Virginia Privacy Law (VCDPA) Compliance Guide for Small Businesses
VCDPA applies to businesses processing data of 100,000+ Virginia consumers annually. There is no revenue threshold — consumer count alone triggers scope.
Virginia Privacy Law (VCDPA): What Small Businesses Need to Know
The Virginia Consumer Data Protection Act (VCDPA) took effect January 1, 2023, and applies to any business that controls or processes the personal data of 100,000 or more Virginia consumers in a calendar year — with no annual revenue threshold. A secondary trigger captures businesses processing data of 25,000 or more Virginia consumers and deriving 50% or more of revenue from data sales. The Virginia Attorney General is the sole enforcement authority, with civil penalties of up to $7,500 per violation and a 30-day cure period before formal action. VCDPA was the second comprehensive state privacy law in the United States and became the model that Texas, Colorado, Connecticut, and most subsequent state laws have followed.
Does VCDPA Apply to My Business?
VCDPA applies to any person or entity that conducts business in Virginia or produces products or services targeted to Virginia residents AND meets one of two thresholds:
- Controls or processes personal data of 100,000 or more Virginia consumers during a calendar year, OR
- Controls or processes personal data of 25,000 or more Virginia consumers AND derives over 50% of gross revenue from the sale of personal data.
The threshold logic is OR — only one needs to be met.

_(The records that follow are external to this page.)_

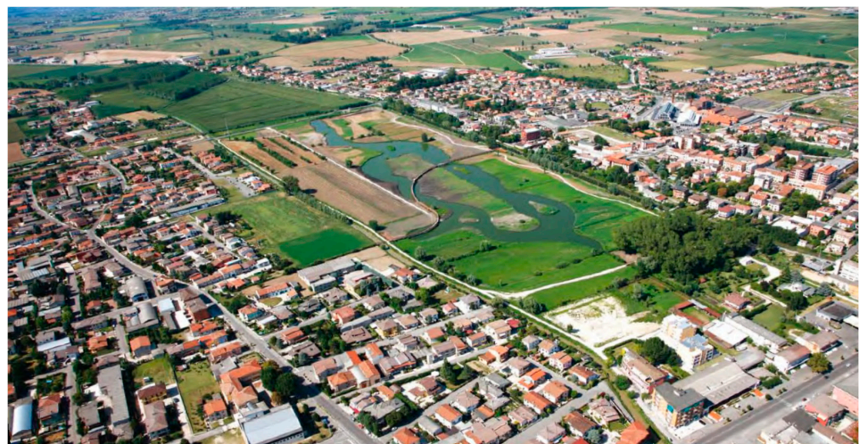
Figure 3. The wetland ecosystem of Parco Le Vallette surrounded by residential areas and road infrastructure. Photo courtesy of T.E.R.R.A. s.r.l. and Consorzio di Bonifica Veronese, 2009.

Parco Le Vallette in Cerea (Verona, Veneto Region) occupies an area of about 21 hectares surrounded by residential zones and road infrastructure (Figure 3). Before the project, the area was a peri-urban rural landscape resulting from the River Menago reclamation process which took place over the centuries. The intervention (promoted by Cerea municipality and designed by Pippo Gianoni, Dionea SA, and Marco Abordi, Terra s.r.l., 2007–2009) aimed at reconstructing the pre-existing wetland ecosystem in the place of the intensive rural landscape, to improve local biodiversity and landscape quality.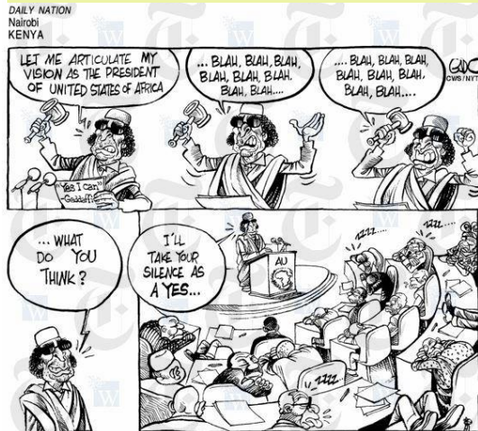
The Daily Nation, Kenya 5 February 2009

As industrialized countries are distracted by their own problems, the G20 London meeting in April provides the next opportunity to get attention and momentum. Is Africa ready?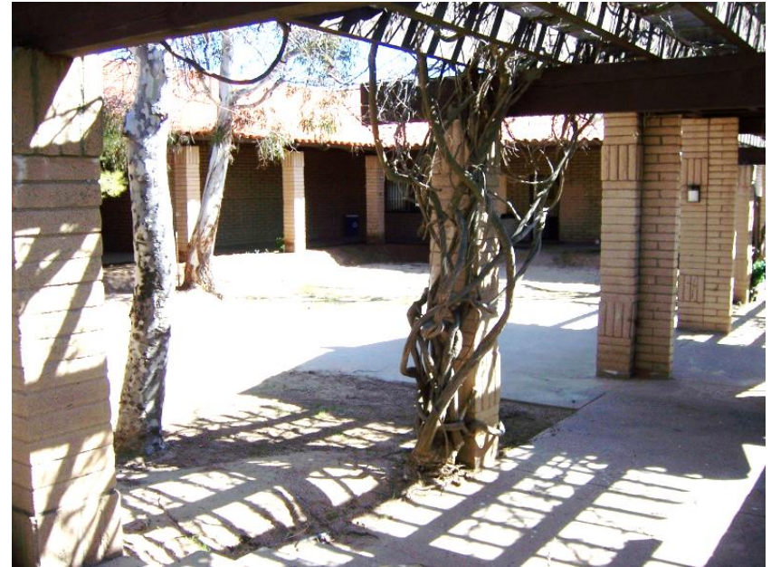
Courtyard of tribal government building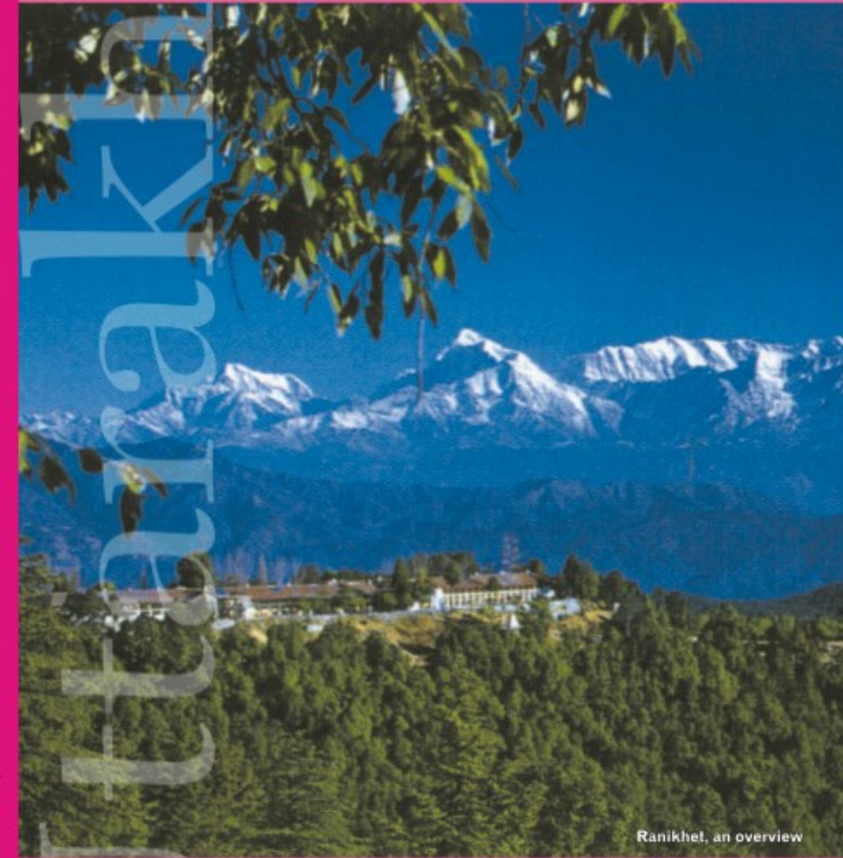
Ranikhet, an overview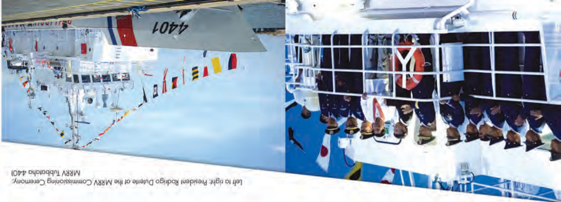
Left to right: President Rodrigo Duterte at the MRV Commissioning Ceremony, MRV Tubataha 4401

Loan Amount: 18,732 million JPY Loan Agreement Signing Date: December 14, 2013 Project Component: - Procurement of 10 MRVs (Multi-role Responsive Vessel) - Consulting Service Contracted Amount: 13,572 million JPY Ship Builder: Japan Marine United Corporation Consultant: JV of Japan Marine Science, Inc. and PADECO Co., Ltd.

There is no revenue floor under either path. A small business processing data from 100,000+ Virginia consumers is in scope on identical terms to a Fortune 500 company.
| Threshold | Virginia VCDPA | CCPA/CPRA | Texas TDPSA |
|---|---|---|---|
| Revenue | None | $25M+ | None |
| Consumer count | 100,000 | 100,000 | 100,000 |
| Data sale alternative | 25K + 50% | 50% revenue share | 25K + 50% |
| Threshold logic | OR | OR | OR |
Virginia accounts for roughly 2.6% of the US population. A national e-commerce store would generally need approximately 3.8 million annual unique US visitors before reaching 100,000 Virginia consumers on a population-share basis — but stores with disproportionately strong East Coast or DMV-area distribution can hit the threshold at lower volumes. The 25,000 + 50% data sale path catches businesses that monetize data primarily, regardless of their absolute consumer count.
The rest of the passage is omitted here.